The three rules in this article will answer most of the issues affecting people who can't get results with their existing exercise program. So before looking for the best shoulder building exercises or trying to figure out why you can't add size to your calves, try going back to basics and the results should take care of themselves.
As you can see, it becomes far easier to learn how to build muscle when you begin to break things down and set out this easy three point strategy.
Indeed, you read that correctly. We said a couple of months, not the rest of your life.
For most people the main obstacle which has held them back over the years is not lack of potential but rather lack of solid advice. Everywhere they turn they see somebody telling them they need to do something different or buy the next big supplement.
If you want to get bigger and stronger, you need to know just a few proven rules.
#1 Go with compound movements for maximum results.
#2 Your range of repetitions will help you target hypertrophy.
#3 Make sure you get the basics of your diet in place.
Within the three easy to follow rules you see above lie the secrets to a great muscular physique.

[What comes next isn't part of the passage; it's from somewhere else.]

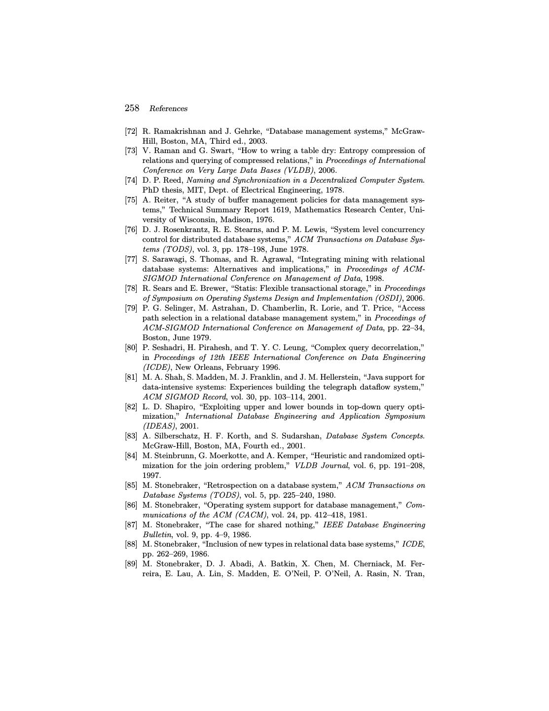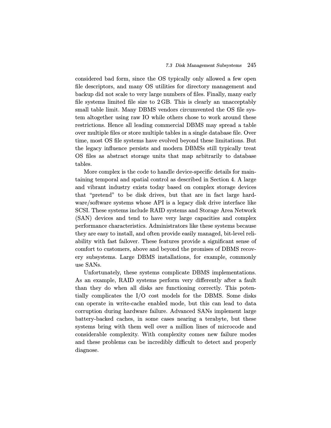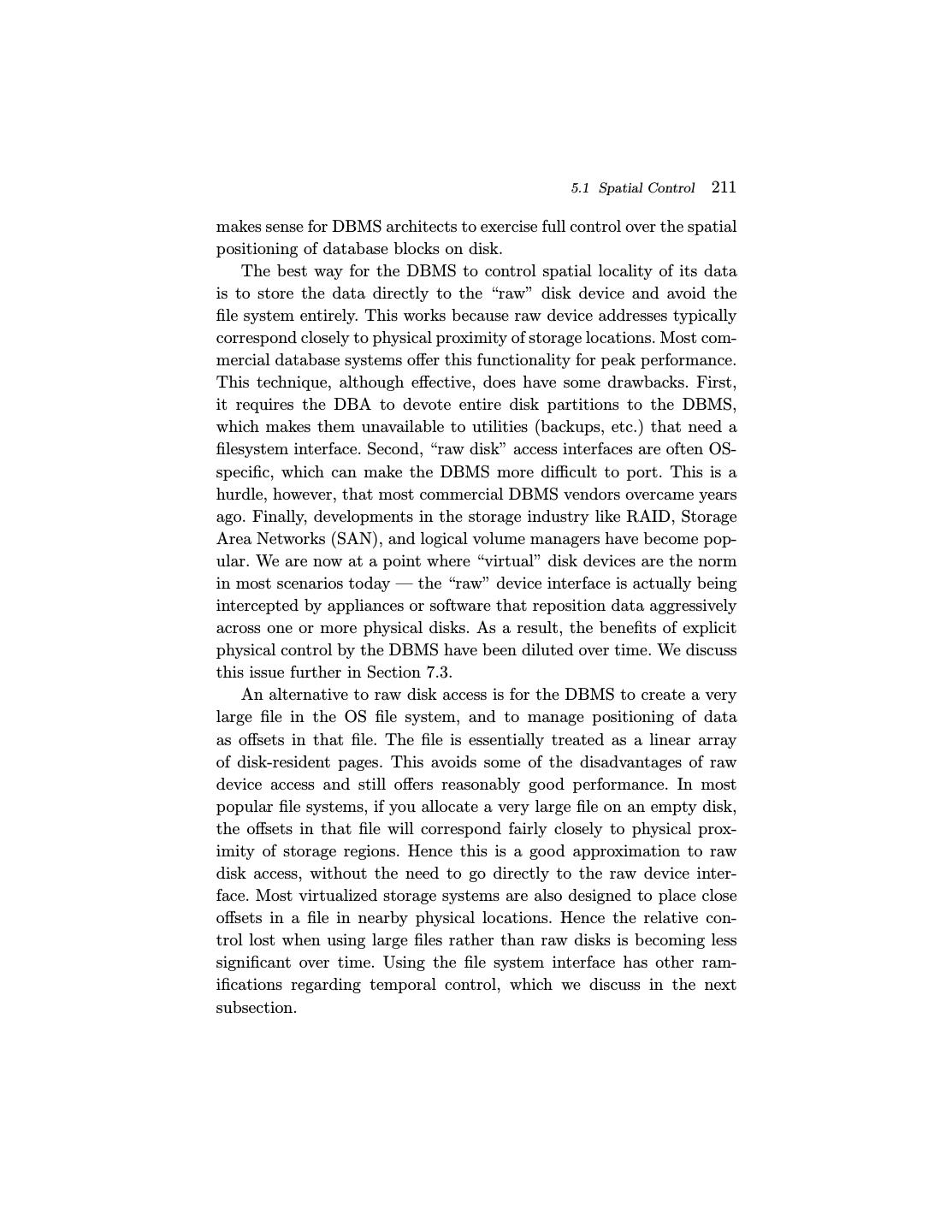 2 . 1 Introduction Database Management Systems (DBMSs) are complex, mission-critical software systems. Today’s DBMSs embody decades of academic and industrial research and intense corporate software development. Database systems were among the earliest widely deployed online server systems and, as such, have pioneered design solutions spanning not only data management, but also applications, operating systems, and net- worked services. The early DBMSs are among the most influential soft- ware systems in computer science, and the ideas and implementation issues pioneered for DBMSs are widely copied and reinvented. For a number of reasons, the lessons of database systems architec- ture are not as broadly known as they should be. First, the applied database systems community is fairly small. Since market forces only support a few competitors at the high end, only a handful of successful DBMS implementations exist. The community of people involved in designing and implementing database systems is tight: many attended the same schools, worked on the same influential research projects, and collaborated on the same commercial products. Second, academic treat- ment of database systems often ignores architectural issues. Textbook presentations of database systems traditionally focus on algorithmic 142

Furthermore, I have been doing this for over seven years and in the course of that time I've seen countless people get results with these three little steps.
Building your workout routine around one or two compound exercises is a great way to start. Usually, people perform way too many isolation movements and way too few compounds. If you're unsure what they are, think bench press and deadlift. These large multiple joint exercises will force far more hypertrophy than exercises which try to isolate only one muscle.
Don't spend hours working smaller muscles. For example, there will be countless guys at your local gym doing endless sets of bicep curls or triceps pushdowns. You will notice far better results if you focus your time on the big movements which recruit more muscle fibers to perform.
Of course, there is more to this than just knowing which exercises will get you the results. You also need to know how many repetitions to aim for and have a system in place to consistently progress you to new levels.
For muscular hypertrophy you should be achieving around 8-12 repetitions in every set. Use this as a guide and it will also help you to progress at a very consistent rate. Each time you are able to push out over twelve reps with a certain weight you should be looking to increase the resistance, pushing yourself back down towards the 8 rep mark and working with that weight until your strength increases.
Diet is where most folks go wrong in the gym. Your ideal physique, in particular your abs, are going to be carved in the kitchen rather than in the gym. Remember that. People often forget the importance of dieting and believe it's only for people who are trying to lose weight.
All calories are not creating on an equal playing field. It's important to realize that two people eating the same number of calories could get totally different results, as one could be feasting on junk food whereas the other is quite healthy. A split of 30%, 50% and 20% between protein, carbs and fats respectively will be a good start.
The three rules in this article will answer most of the issues affecting people who can't get results with their existing exercise program. So before looking for the best shoulder building exercises or trying to figure out why you can't add size to your calves, try going back to basics and the results should take care of themselves.
As you can see, it becomes far easier to learn how to build muscle when you begin to break things down and set out this easy three point strategy.
About the Author:
Author: Russ Howe PTI is a popular fitness coach. Learn how to build muscle with our free video guide giving the 5 principles to a more powerful body and the best shoulder building exercises.